Two Researchers Believe Automated Technology Explains Today’s High Unemployment and Low Hiring Rates. If They’re Right, Where will Jobs Come From in the Future?

[+] Author Notes

Alan S. Brown is associate editor of Mechanical Engineering magazine.

Mechanical Engineering 134(04), 22-27 (Apr 01, 2012) (6 pages) doi:10.1115/1.2012-APR-1

This article examines the impact of automation on jobs. Since the end of the Great Recession in June 2009, the GDP of the United States has grown 75% as fast as its average between 1948 and 2007. Ordinarily, such growth would spur companies to hire more workers. However, the fact is that overall unemployment has hovered above 9% for most of the past three years and remains stubbornly high. The percentage of working adults is at its lowest level since 1983, when women were still entering the workforce. Instead of hiring workers, companies are now investing in equipment and technology, which rebounded quickly after the recession. Some economists contend that advanced information and communications technology is transforming the economy by capturing jobs that only humans could have done before. They even consider digital technology when looking at the potential causes of unemployment. They also believe this is a sign of deeper structural changes in the economy.

Two hundred years ago, back when the Luddites revolted against industrialization by sabotaging mechanical looms, David Ricardo tackled the problem of automation.

Ricardo was one of the founders of modern economic theory. Like most of his contemporaries, he believed technological advances would raise living standards for everyone. Yet when he revisited the topic, he concluded that machines might one day make goods so cheaply that factories could not remain competitive if they paid laborers a living wage. Manufacturers would have to invest in machines.

The result would be technological unemployment. And ever since Ricardo’s day, theorists have predicted that it was just around the corner.
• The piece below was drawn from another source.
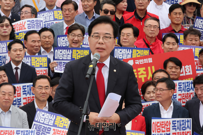 송언석 국민의힘 원내대표가 12일 국회 본청 앞 계단에서 열린 '야당탄압 독재정치 규탄대회'에서 발언을 하고 있다.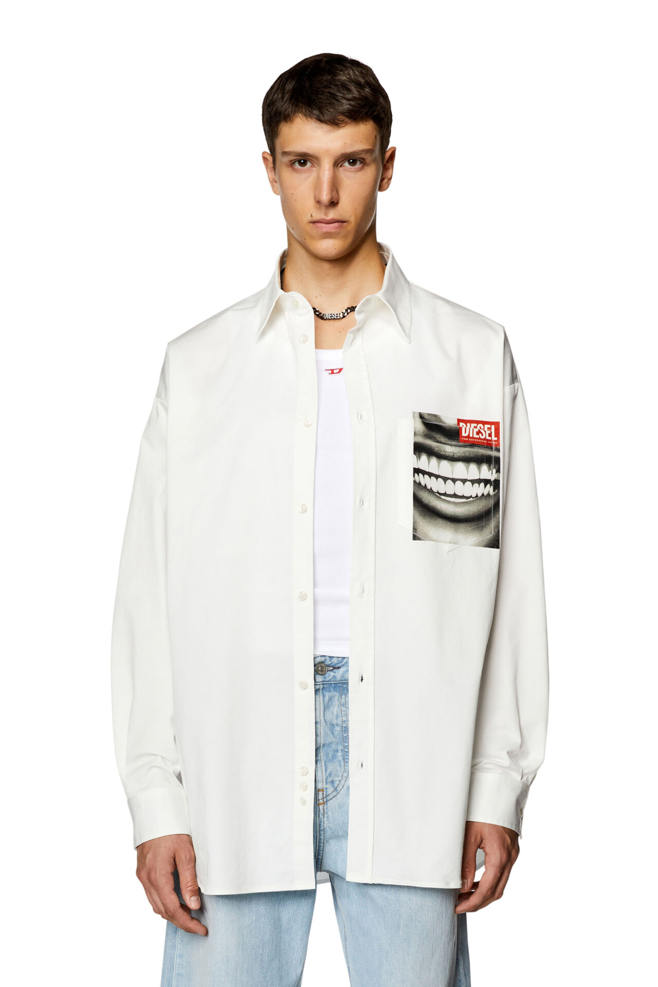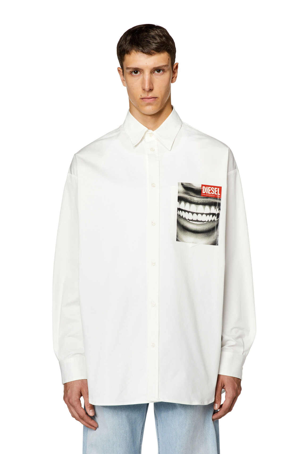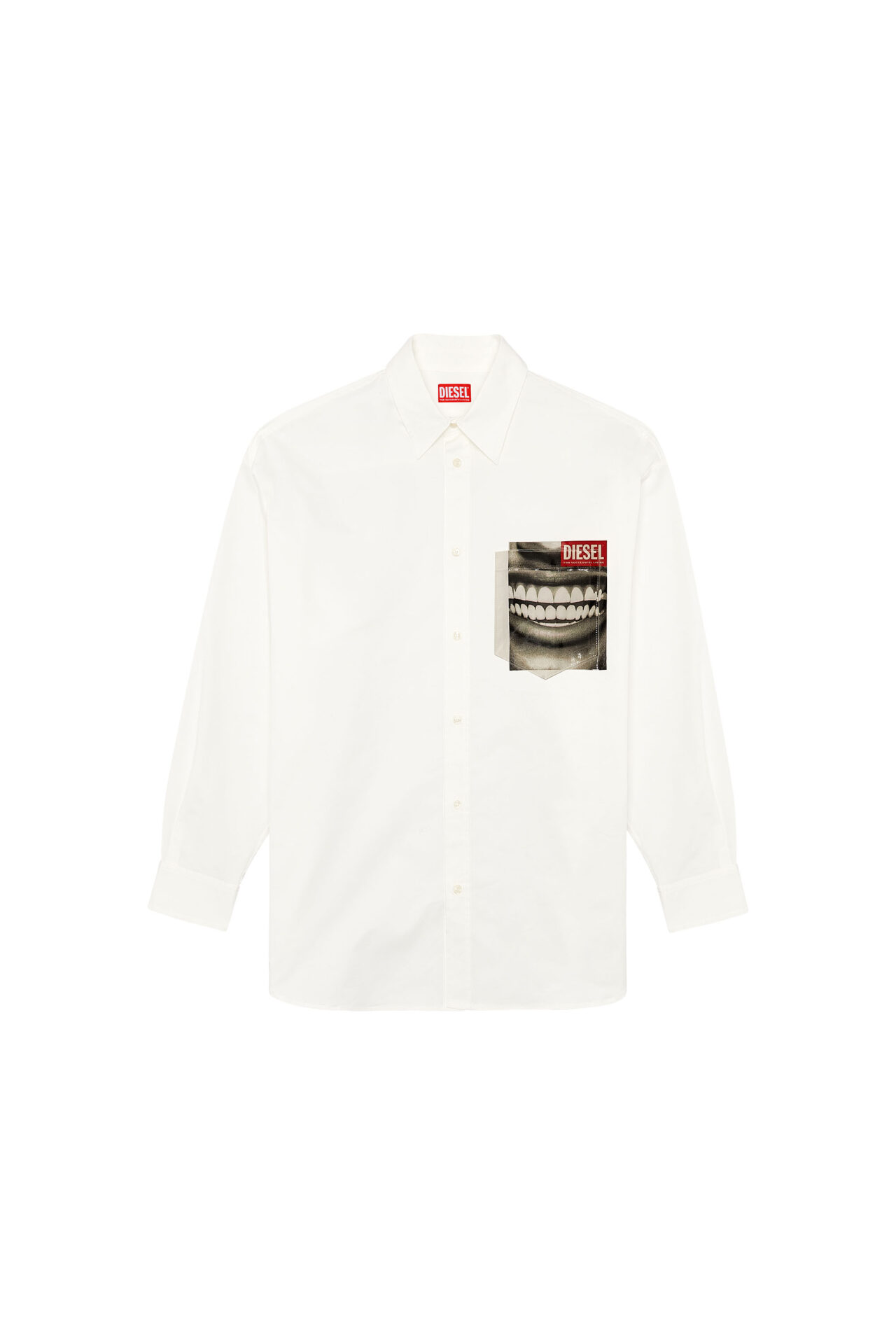 פריט מקולקציית המסלול של דיזל - חולצת כותנה מכופתרת ארוכה בצבע לבן עם הדפס של פה מחייך

Their ranks have included such distinguished economists as John Maynard Keynes and Nobel Prize winner Wassily Leontief, and groundbreaking management consultant Peter Drucker.

Yet despite massive mechanization and automation, the U.S. economy kept creating jobs. Automation eliminated some positions, but new technologies as well as rising prosperity created others.

Now, two Massachusetts Institute of Technology professors believe the economy has turned that corner. They claim that automation—not just in factories, but in fields ranging from call centers and airline ticketing services to medical diagnostics and corporate supply chains—is replacing people faster than the economy can create jobs.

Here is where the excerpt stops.